I'm not saying to ask it in a harsh way, just bring it up over chai or something. I mean if something was really bothering me and ( there was no consensus on DCUM ), then yes I would ask my ILs, in a very nice way of course.

Like this, " We love that you visit us so much, X and Y must be a bit upset that you don't see them as much though. Why do you like spending more time here (add in whatever proper name you call you MIL). " Then refill the chai and add some more biscuits to the plate.

Anonymous
I did try something along those lines. I asked MIL how long its been since she saw BIL's kids knowing it was ages ago. When she said 2 months I lamented that it must be hard for her and she just agreed that it is hard for her.

I feel that the BILs get the freedom that white American get to do their own thing as a family, while I'm the one doing the extra cooking and cleaning to accomodate inlaw visits every couple of weeks. I getting fed up and have to find a way to stop this.
Anonymous
Anonymous wrote:I did try something along those lines. I asked MIL how long its been since she saw BIL's kids knowing it was ages ago. When she said 2 months I lamented that it must be hard for her and she just agreed that it is hard for her.

I feel that the BILs get the freedom that white American get to do their own thing as a family, while I'm the one doing the extra cooking and cleaning to accomodate inlaw visits every couple of weeks. I getting fed up and have to find a way to stop this.


I'm not sure why you keep thinking this is a race/nationality divide thing. You are making it such.

If your ILs were white and came to your house more than another sibling's home you would still be lamenting on your "loss of freedom".

I hope your able to resolve your family problem of ILs visiting.

You asked for reasons why they may be coming to your house and I think this thread has served it's purpose.



Anonymous
I don't think this has anything to do with them being Indian, either.

-a Punjabi married to a South Indian.
Anonymous
Anonymous wrote:I did try something along those lines. I asked MIL how long its been since she saw BIL's kids knowing it was ages ago. When she said 2 months I lamented that it must be hard for her and she just agreed that it is hard for her.

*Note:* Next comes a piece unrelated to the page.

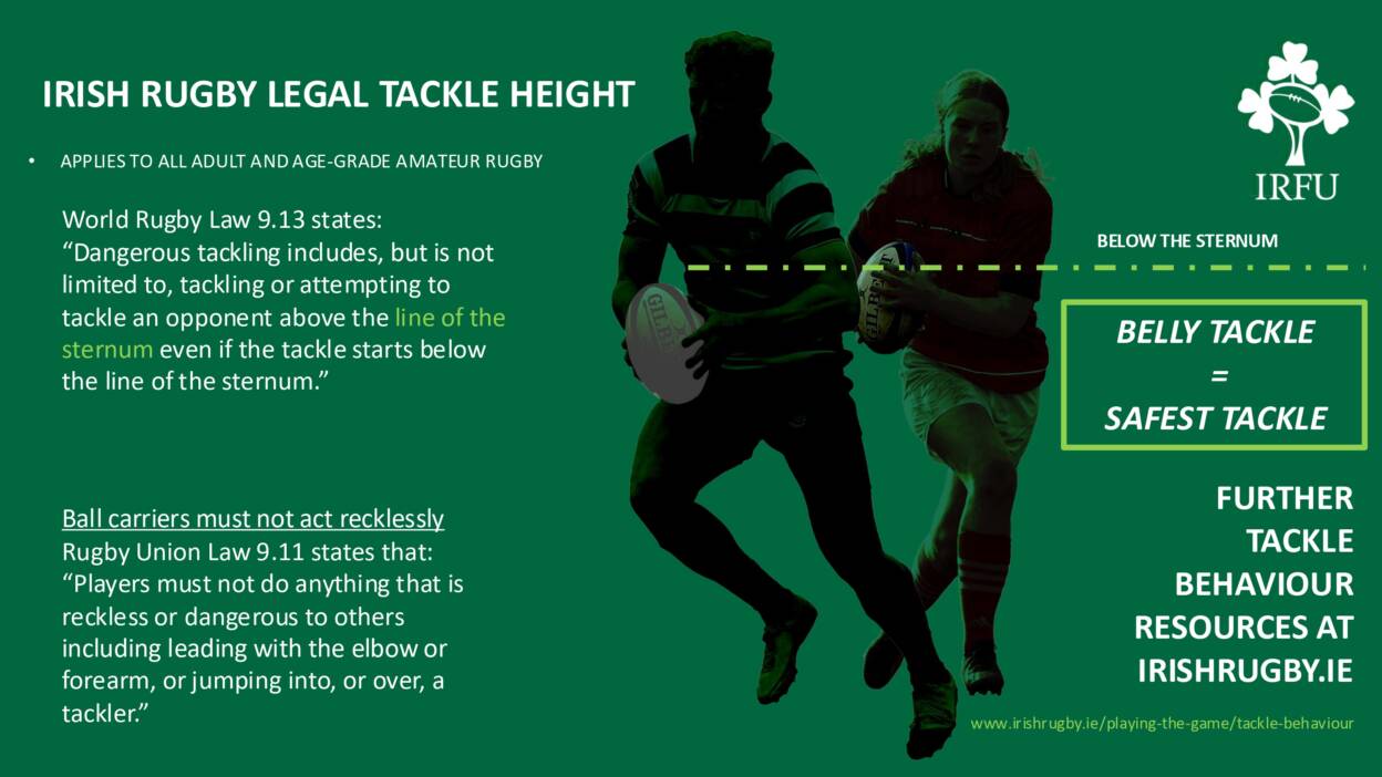 “We feel the evidence provided by the data shows a clear benefit to having a lower tackle height, and that is why we are committing to law that the legal tackle height in Ireland is below the baseline of the sternum.

I feel that the BILs get the freedom that white American get to do their own thing as a family, while I'm the one doing the extra cooking and cleaning to accomodate inlaw visits every couple of weeks. I getting fed up and have to find a way to stop this.

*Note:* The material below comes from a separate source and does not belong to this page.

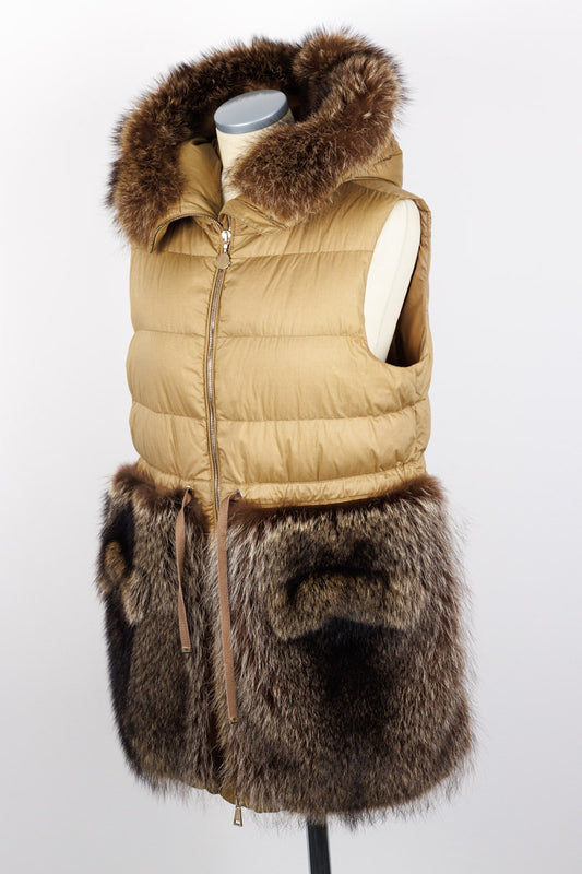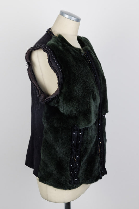LANVIN Lanvin Fourier אפוד פרווה בצבע ירוק כהה מידה 40

You can try slacking off with the cooking and cleaning when they visit and see if that will do the trick.

Anonymous
Did you ask your husband? What does he think?
Anonymous
Anonymous wrote:I don't think this has anything to do with them being Indian, either.

-a Punjabi married to a South Indian.


Could it be that in traditional North Indian culture, the oldest son is perceived as being the most responsible and is often the favored one, and that's why they choose to spend more time with him and his wife rather than the younger sons and their families?
Anonymous
Anonymous wrote:
Anonymous wrote:I don't think this has anything to do with them being Indian, either.

-a Punjabi married to a South Indian.


Could it be that in traditional North Indian culture, the oldest son is perceived as being the most responsible and is often the favored one, and that's why they choose to spend more time with him and his wife rather than the younger sons and their families?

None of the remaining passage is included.